Spotify; fixed and more broken in the same update
Mar 13th, 2012 by handolio
Great though the idea of legal music streaming is, the implementation still leaves a bit to be desired. After six or seven years as a Napster customer I ended up leaving the (increasingly unloved and dated) service when they messed up my monthly payments for the second time.
Onto Spotify, about which a few things bug me. The first is that I’m not sure why, with the bandwidth and storage available in 2012, we still can’t have lossless streaming based on a codec like FLAC. I’m guessing this one’s down to the rights-owners.
The most recent update appears to have fixed another gripe; that tracks were automatically cross-faded and that this couldn’t be switched off, meaning that tracks without a lead-in pause could be heard to fade in. Two new options let you toggle gapless playback, and disable or tweak the crossfade. Good.

Unfortunately, the most recent update has also taken the single worst feature of the software and somehow made it worse. For reasons that are hard to explain, playing a track in Spotify typically queues all the other tracks in the view you had at the time. For example, if you play a track after searching for an artist, the artist’s entire Spotify catalogue is added to the play queue.
This usually does make sense if you’re viewing an album page, but the real problem is that the additional tracks aren’t explicitly queued: if you explicitly right-click other tracks and select ‘Queue’, they’re given a higher priority and inserted (in yellow) after the track that’s currently playing, but before the remaining tracks implicitly added to the original play queue (in white).
It’s incredibly unintuitive: play an album, find another you want to hear next, queue it and you’ll find it plays in the middle of the first album you selected. Worse, you can’t delete implicitly queued tracks or move them around in the play order. The easiest way to deal with them used to be by quitting and restarting Spotify.
With the latest update, even that doesn’t remove them. Now the only way I’ve found to clear the unwanted items is to double-click to play the last track in the list, which should make those before it disappear, then seek to the end of the track and when playback finishes that track will also disappear. Now that’s good UX.
In case you hadn’t worked it out, you can avoid the problem in the first place by always right-clicking tracks/albums and queueing them, then starting playback by viewing the Play Queue and double-clicking on the first track in the list.

Glad to see that I’m not the only one who is terribly irritated by this queuing “method”.

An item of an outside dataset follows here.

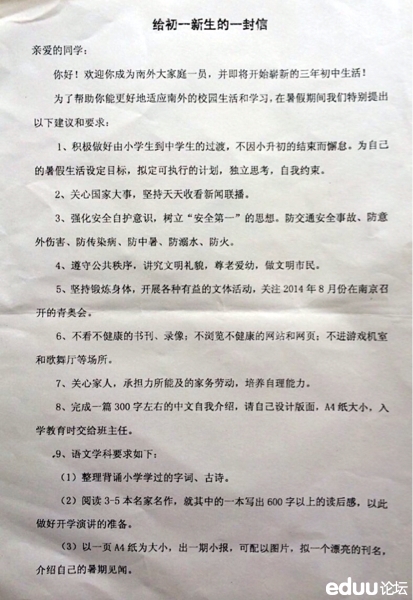 南京奥数网 为了帮助学生更好地适应南外的校园生活和学习,南京外国语学校给初一新生的一封信:2014级南外初一新生暑期生活指导学习要求,供大家参考学习。

Spotify’s queueing logic is demented. I think it’s because people either jump about like skittish kittens, compulsively listening to the first half a minute of each song then finding something new and exciting to stuff into their ears… Or they only listen to entire albums, like me. (I, somewhat anally retentively, create a playlist for each album I like, then listen from the playlist to stop the infuriating auto progression to the next song for that artist’s search results… Even if the next song it then plays is chronologically in the wrong order.)
Re the FLAC situation: it’s purely bandwidth saving. Having been a signatory to one, the licence agreement labels sign with Spotify doesn’t mandate Spotify to use any one lossy format; I think they just chose to go with Vorbis themselves as it’s pretty bloody good SQ without using exabytes of diskspace. Oh, and unencumbered with licensing fees! Also given the platform’s former P2P nature with chunked encrypted songs sitting on supernode listeners’ hard drives, it was a nonstarter to use FLAC.
I still think they’ll never use FLAC as there’s no business case for it. The HQ streams are, IIRC, 224 or 256 kbps Vorbis…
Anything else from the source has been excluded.